Apple

Dear Tim Cook: Be a Decent Human Being and Delete this Revolting Apple Ad | MZS – Roger Ebert


The tonal opposite of the company’s most famous ad, it shows a stack of creative tools and imaginative objects being crushed in a giant metal press. 

Sonny and Cher sing “All I ever need is you” as the device destroys some of the most beautiful objects a creative person could ever hope to have, or see: a trumpet, camera lenses, an upright piano, paints, a metronome, a clay maquette, a wooden anatomical reference model, vinyl albums, a framed photo, and most disturbingly (because they suggest destructive violence against children’s toys, and against the child in all of us) a ceramic Angry Birds figure and a stack of rubber emoji balls. 

You’ve heard the phrase “They said the quiet part out loud”, right? Well, that’s what this ad is doing. 

And it’s not just speaking in room tones. It’s practically crowing its happiness at the destruction of artists, their tools, and their process.  

Look at how the wooden figurine bends beneath the weight of the press, and how the paint cans explode and spray their contents against the lens like blood in a graphic horror film. Look at the grotesque way the destruction of the musical instruments and camera lenses are fetishized, metal buckling, glass shattering.
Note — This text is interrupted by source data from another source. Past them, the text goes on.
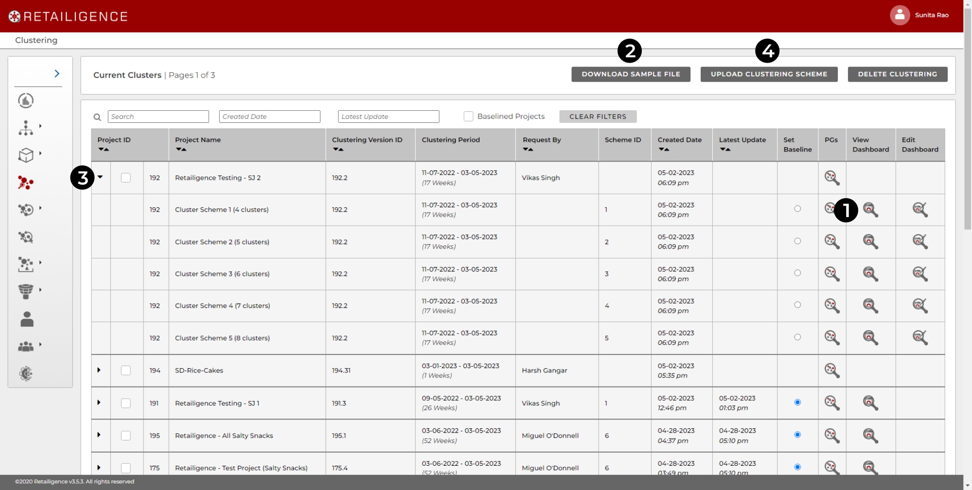 - Dashboard – Use the icon to view the clustering dashboard. In the first screen of the dashboard (Cluster Summary), scroll down to the data table and click download (Highlighted in Fig 2. below)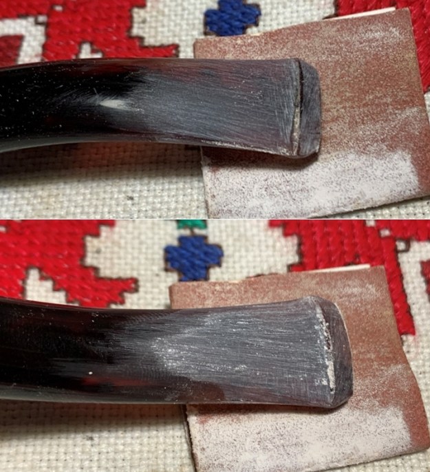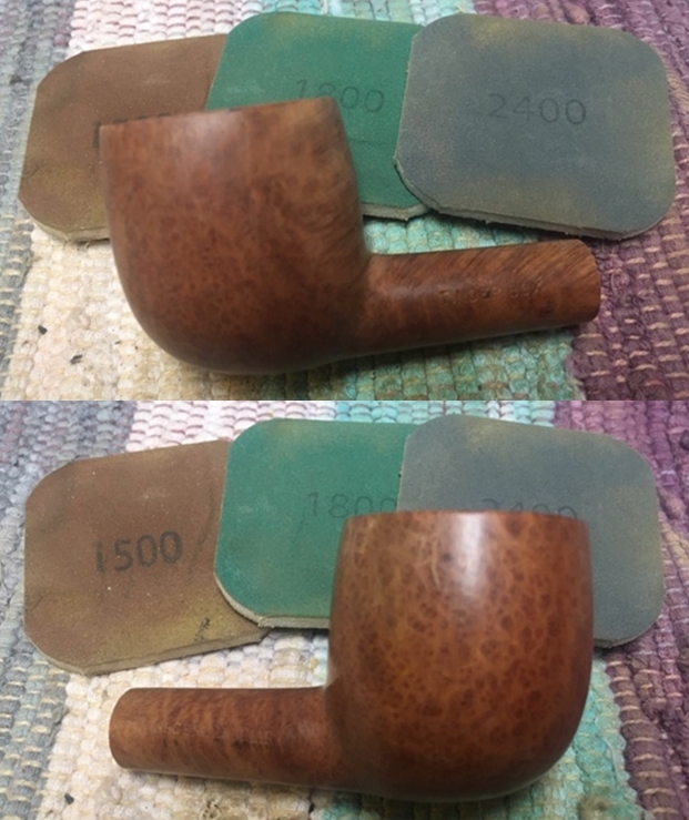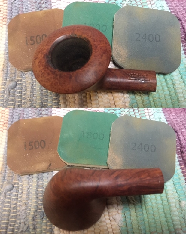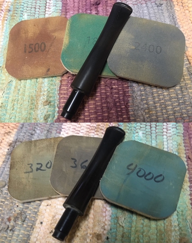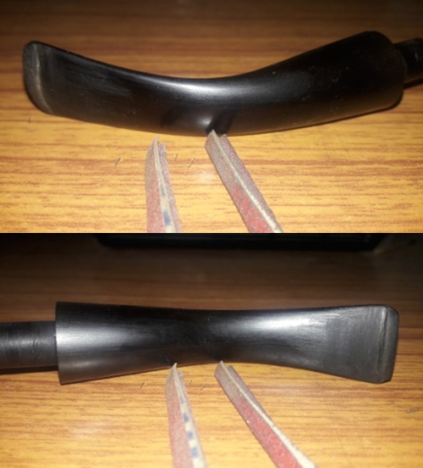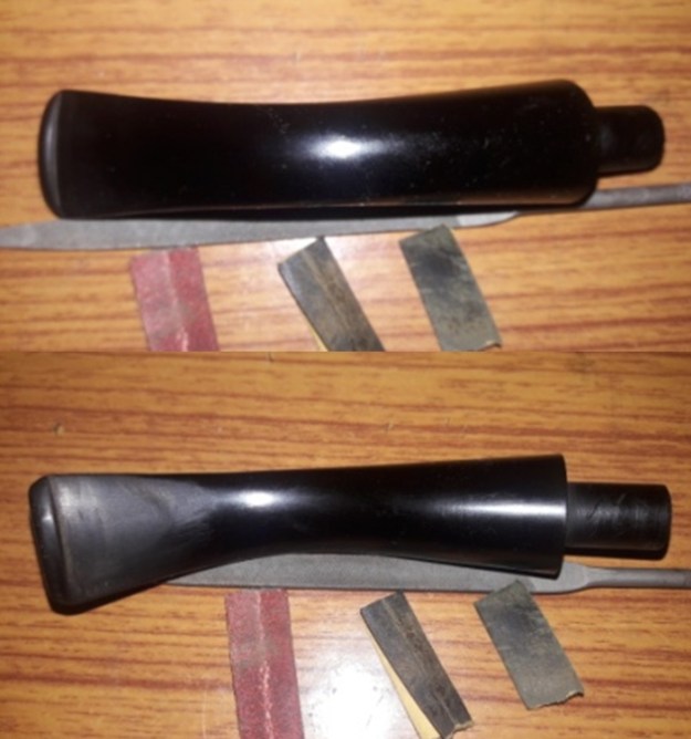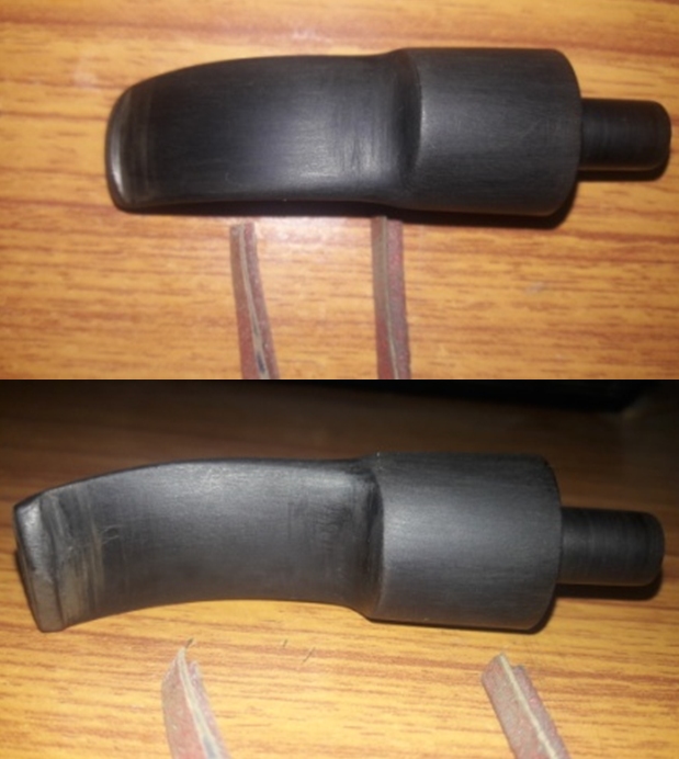 Once the glue repair cured I sanded it with 220 grit sandpaper to blend it into the surface of the vulcanite. I sanded out the tooth chatter and marks on both sides with 220 grit sandpaper and 400 grit wet dry sandpaper.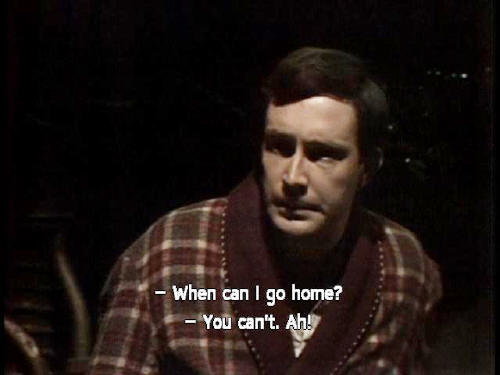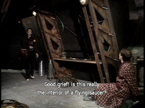 [Arthur] When can I go home? [Ford] You can't. Ah! [Arthur] Good grief! Is this really the interior of a flying saucer? [Ford] Yes. What do you think? |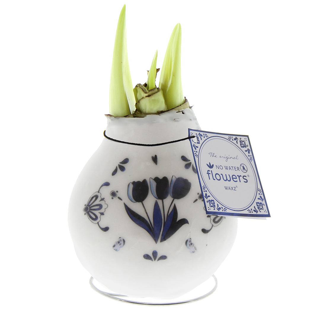 De bijzondere amaryllis bloem is bij QFB Gardening verkrijgbaar in twee soorten, de enkelbloemige amaryllis en de dubbelbloemige amaryllis. QFB Gardening verkoopt echter ook wax amaryllis. Je kant van augustus tot december een wax amaryllis kopen en ernaar uitkijken dat hij jouw huiskamer verlicht. Deze grote amaryllisbollen zijn er in verschillende kleuren, zoals groen, blauw, zwart of oranje, of met leuke motieven, zoals kerstsokken. Hij ontwikkelt zich binnen een paar weken van een klein groen blaadje tot een prachtige volledig amaryllis in wax.

They even made sure to put one of the emoji toys right on the edge of the press so that when the pressure bears down on it, we see its eyes bulge and then pop out. This ad doesn’t just show destruction. It delights in it. 

When the press has stopped crushing things, the music cuts out and is replaced by eerie silence. This is a technique that movies use to summon audience unease after a character has been violently killed. 

Then the press raises to reveal a thin computer pad that (one supposes) replaces all of the items that we just saw being destroyed. All we ever need, or something like that.

You can tell yourself that the items on that metal press are “only stuff “and that their eradication doesn’t mean anything. But if you do, it means you’ve never had a violent person destroy something you loved as a way of telling you “You’re next,” which in turn means you are a person who lacks imaginative empathy and should’ve kept quiet.